### Provided material
###
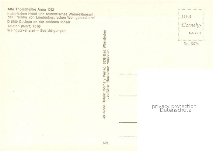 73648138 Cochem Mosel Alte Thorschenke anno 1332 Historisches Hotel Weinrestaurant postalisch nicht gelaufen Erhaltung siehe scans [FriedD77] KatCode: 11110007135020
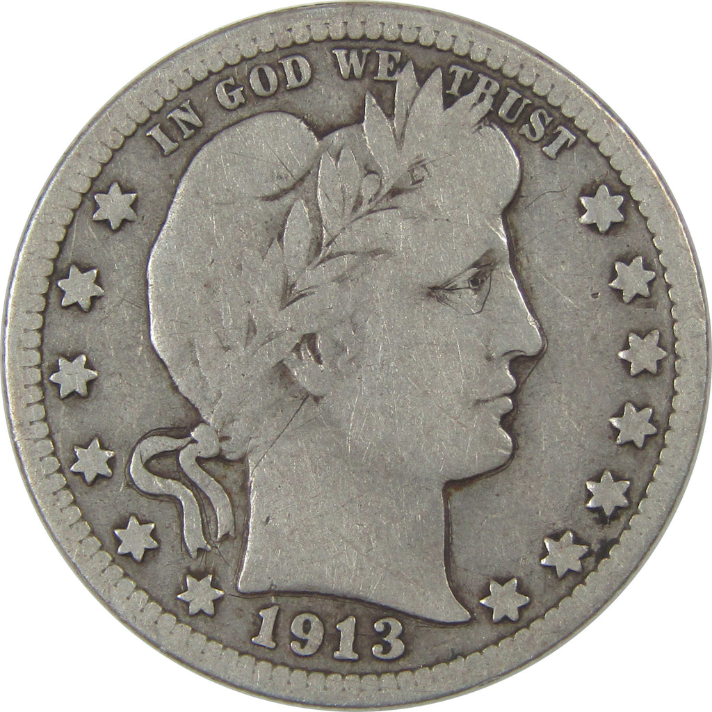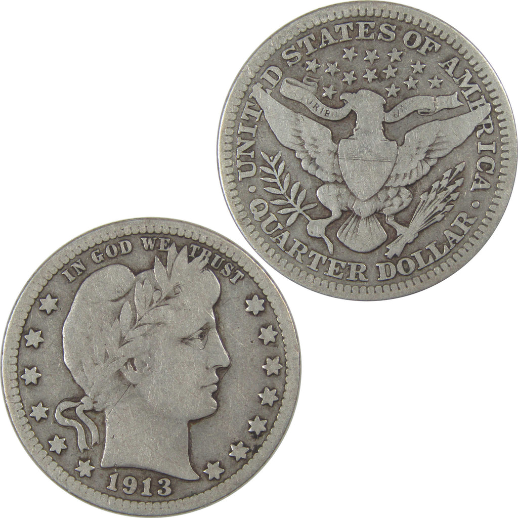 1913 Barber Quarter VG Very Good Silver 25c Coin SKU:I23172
###
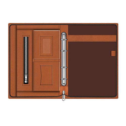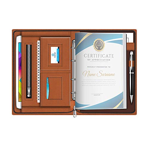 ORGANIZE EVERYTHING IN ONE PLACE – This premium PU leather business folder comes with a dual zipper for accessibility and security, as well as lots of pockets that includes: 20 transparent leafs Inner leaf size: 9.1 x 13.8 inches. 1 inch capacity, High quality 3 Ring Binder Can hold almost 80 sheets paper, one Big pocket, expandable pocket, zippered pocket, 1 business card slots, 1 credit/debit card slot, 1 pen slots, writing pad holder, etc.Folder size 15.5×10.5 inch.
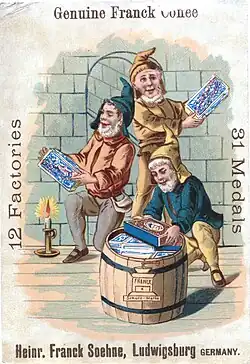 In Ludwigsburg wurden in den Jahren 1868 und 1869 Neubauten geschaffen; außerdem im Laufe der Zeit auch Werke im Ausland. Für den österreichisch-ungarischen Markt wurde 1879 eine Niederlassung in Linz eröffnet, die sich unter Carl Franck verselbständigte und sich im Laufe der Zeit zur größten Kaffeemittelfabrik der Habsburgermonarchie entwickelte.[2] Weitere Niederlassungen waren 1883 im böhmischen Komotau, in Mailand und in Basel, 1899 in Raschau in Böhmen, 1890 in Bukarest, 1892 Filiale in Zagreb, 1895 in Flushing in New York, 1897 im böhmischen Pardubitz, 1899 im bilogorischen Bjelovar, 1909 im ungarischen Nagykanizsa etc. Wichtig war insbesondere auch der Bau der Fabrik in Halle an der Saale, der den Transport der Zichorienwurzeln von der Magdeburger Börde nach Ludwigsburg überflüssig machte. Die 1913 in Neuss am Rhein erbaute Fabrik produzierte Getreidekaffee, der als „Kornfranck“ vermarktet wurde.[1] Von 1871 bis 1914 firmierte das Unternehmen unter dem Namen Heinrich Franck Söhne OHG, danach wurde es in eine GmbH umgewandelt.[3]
###
### Aim of the task
Reproduce the data above exactly, but only from the line containing "73648138 Cochem Mosel" through the line containing "1913 Barber Quarter"; skip the pictures.

### Exercise answer
 73648138 Cochem Mosel Alte Thorschenke anno 1332 Historisches Hotel Weinrestaurant postalisch nicht gelaufen Erhaltung siehe scans [FriedD77] KatCode: 11110007135020
 1913 Barber Quarter VG Very Good Silver 25c Coin SKU:I23172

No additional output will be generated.